Technical Comments and Suggestions
On the whole, SIPP’s use of model-based imputation, in combination with hot-deck imputation, appears to be a significant improvement over hot-deck imputation alone. In particular, the model-based approach allows the incorporation of data from SSA administrative records for a large majority of missing cases. However, the study panel believes there is potential for further analysis and improvement, and provides some technical concerns and suggestions:
- The best comparison between imputation methods would be to recreate a comparison dataset using the previous hot-deck alone
4 We note that statistically significant differences may not be observed because the number of program participants is small, as well as because the statistical discrepancies are small.
imputation method, and compare the resulting estimates with those obtained through model-based imputation.
- While the topic flag imputations demonstrate a potential major step forward, the topic with the highest incidence of missing data—assets—continues to be imputed using hot-deck methods alone. The development of model-based methods for assets—both flags for any holding and values for those flagged as having nonzero holdings—would be a very useful addition in the near term.
- Use of single imputation is improper. It does not account for the uncertainty in the model estimation when the filled-in data are treated as real. Many of the flags currently imputed have relatively little missing data (refer to Table 5-1); the effect of ignoring uncertainty in model estimation on these flags should have little impact. However, for flags such as disability payments—or missingness in asset holdings, if eventually undertaken—the fraction of missing data is sufficiently large that analyses using single imputation and therefore treating imputed values as fully observed data will be anticonservative, yielding confidence intervals that are too narrow and p values that are too small. While the complexities involving the analysis of multiple imputed datasets are nontrivial, statistical software packages increasingly are making options available to handle multiple imputed data. The Survey of Consumer Finances uses and advocates multiple imputation and provides software to others. Consideration of multiple imputations in future releases of SIPP would be an important enhancement.
The remaining three comments relate to obtaining multiple imputed datasets.
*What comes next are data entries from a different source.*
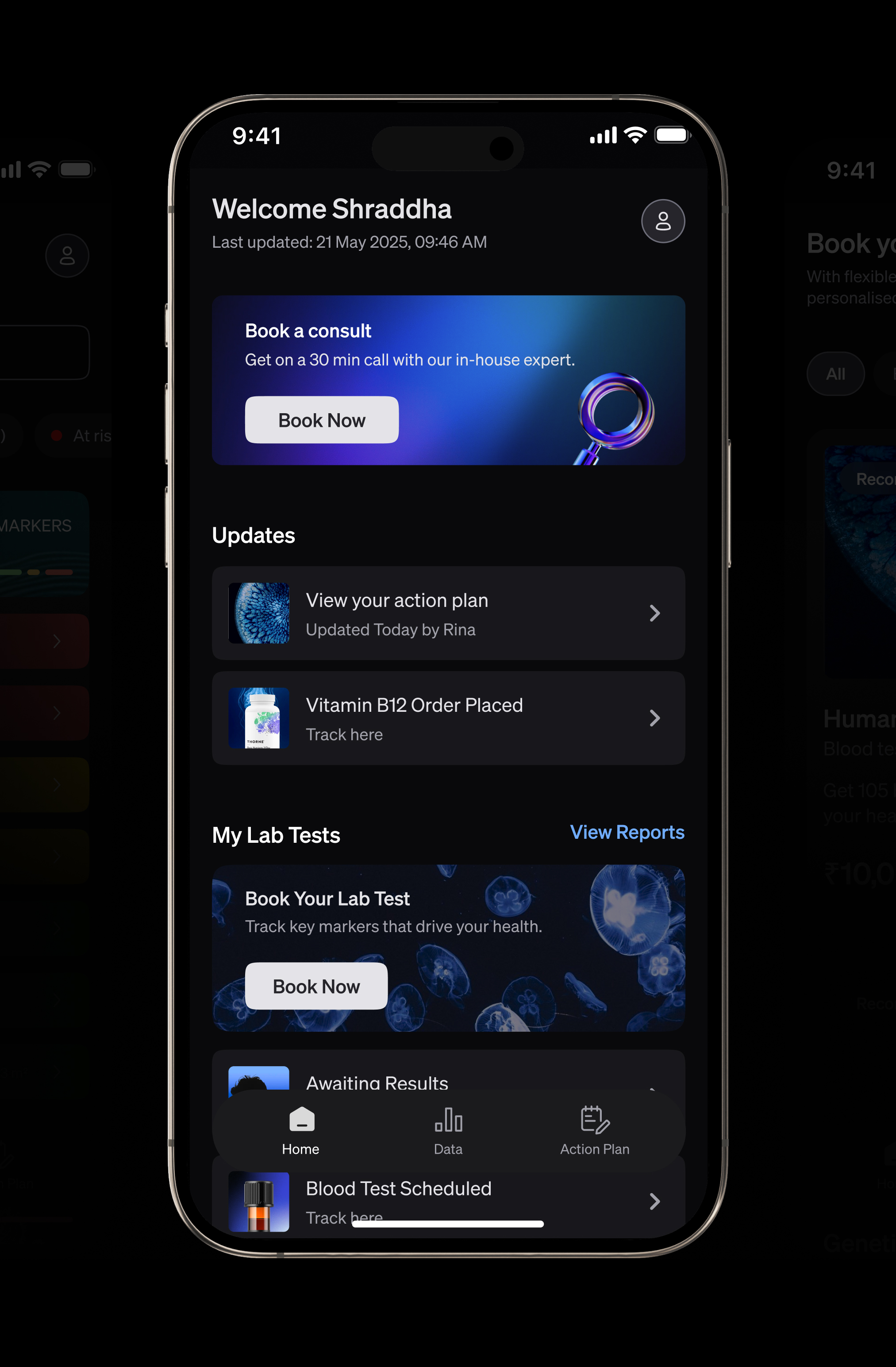 A system that connects it all. Your blood, your genetics, your gut, your habits, your goals — all in one place. Backed by data. Explained in your language. Made for action, not overwhelm.
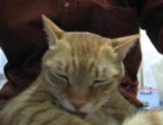 膝の上で くつろぐ猫
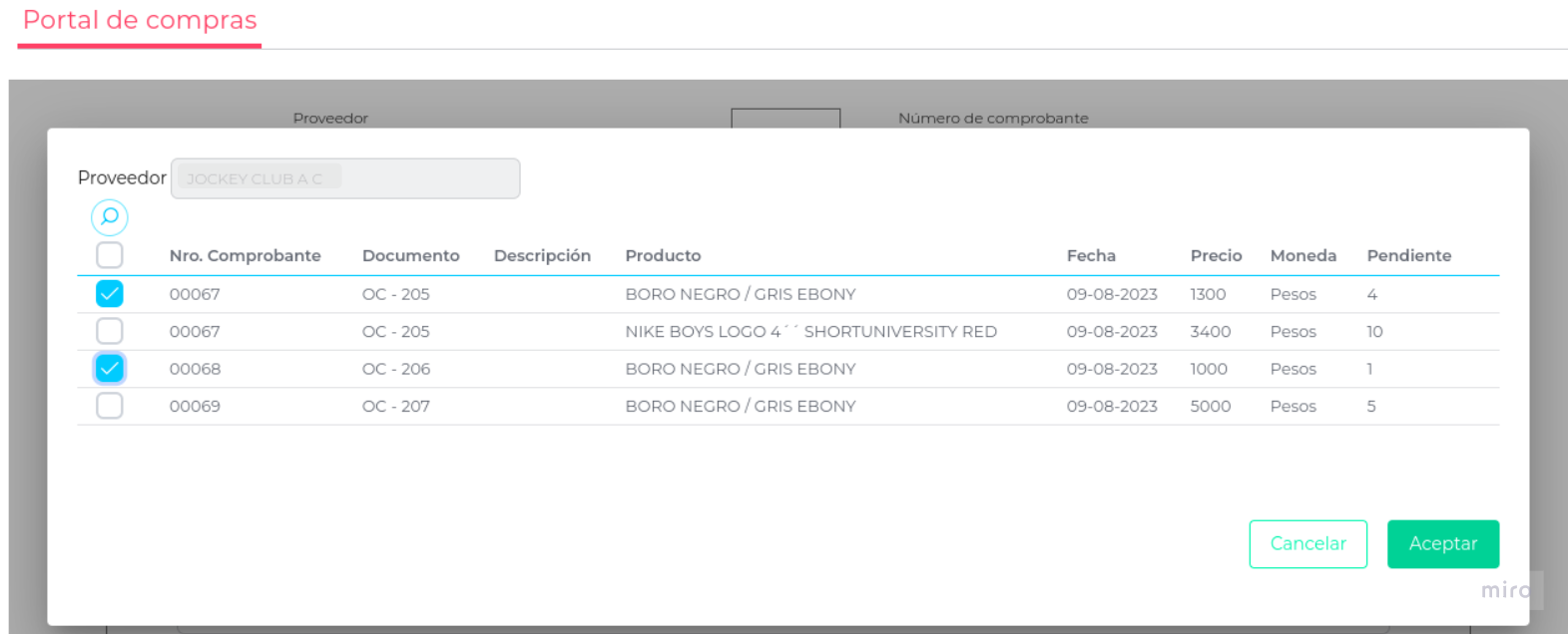 Presionando sobre éste, se desplegará una pantalla en la que se visualizarán los documentos que pueden ser vinculados a la factura que se está completando. Seleccionando los documentos, estará completando el detalle de la factura con los productos de los mismos.
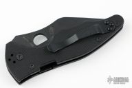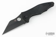 This Yojimbo 2 by Spyderco features a black finished wharncliffe blade with thumbhole. The handle has a black G-10 frame with stainless steel liners, lock is on the spine of handle. 4-way reversible stainless steel clip. Nice detent, lockup and blade seating. Comes with original box and papers. Excellent condition
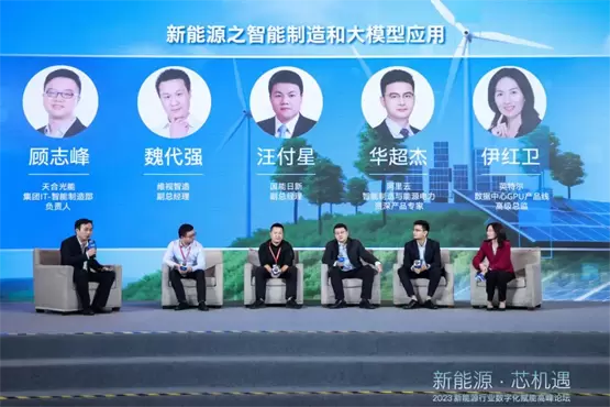 在论坛的圆桌讨论环节,维视智造负责人魏代强与天合光能集团IT-智能制造部负责人顾志峰、国能日新副总经理汪付星、阿里云智能制造与能源电力资深产品专家华超杰、英特尔数据中心GPU产品线高级总监伊红卫等嘉宾以“新能源之智能制造和大模型应用”为主题展开讨论,分享了企业在数字化转型与创新的落地路径、大模型之下人工智能的落地模式等方面的多类变革。
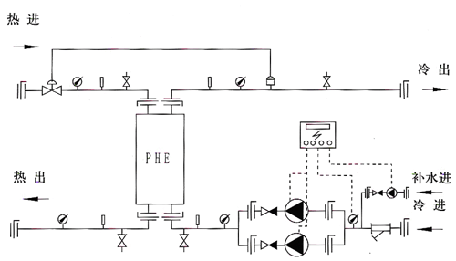 Manually control the heat exchanger unit, and manually control the water supply temperature of the secondary network of the heat exchanger unit through on-site direct reading instrument. Through the remote pressure gauge and controller, the water can be replenished automatically at constant pressure.
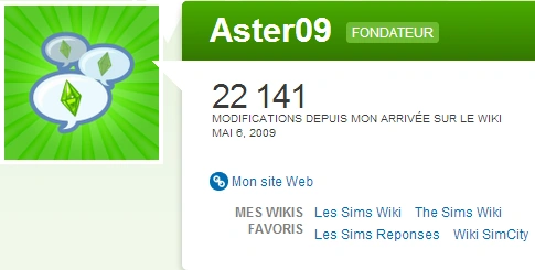 Je suis Aster09, fondateur du wiki Les Sims et du wikiréponses Les Sims, ainsi qu'administrateur sur le wiki MySims, SimCity et le wiki portugais Les Sims. Je ne suis pas un gros joueur en matière de jeux vidéo mais j'ai eu un vrai coup de cœur pour Les Sims depuis le tout premier opus, c'est donc un immense plaisir pour moi que de développer un wiki dédié aux Sims.

- The new imputation procedures use five iterations to obtain convergence of a Markov chain Monte Carlo (MCMC) chain used in imputation modeling. The study panel believes that the use of only five iterations to obtain convergence is likely far too few. There may be confusion in following the literature because Schafer (1999) indicates that five multiple imputed datasets are sufficient for inference as relates to the need for multiple imputation for proper inference—see (3) above. This literature assumes, however, (a) that the MCMC chain has converged and (b) that the imputations are sufficiently far apart in the MCMC chain to be effectively independent. The latter assumption is not an issue in this case, because only one imputation is being used. Draws sufficient to lead to convergence, however, typically number in the hundreds if not thousands; the multiple imputed datasets are then set aside from widely spaced intervals to ensure independence between the
imputations. We understand that the Survey of Consumer Finances and the Survey of Small Business Finances typically use 5 to 20 iterations. A number of methods are available to assess MCMC convergence (Geweke, 1991); perhaps the most common is the use of multiple chains (Gelman and Rubin, 1992). One of these methods could be used to assess convergence for SIPP imputations.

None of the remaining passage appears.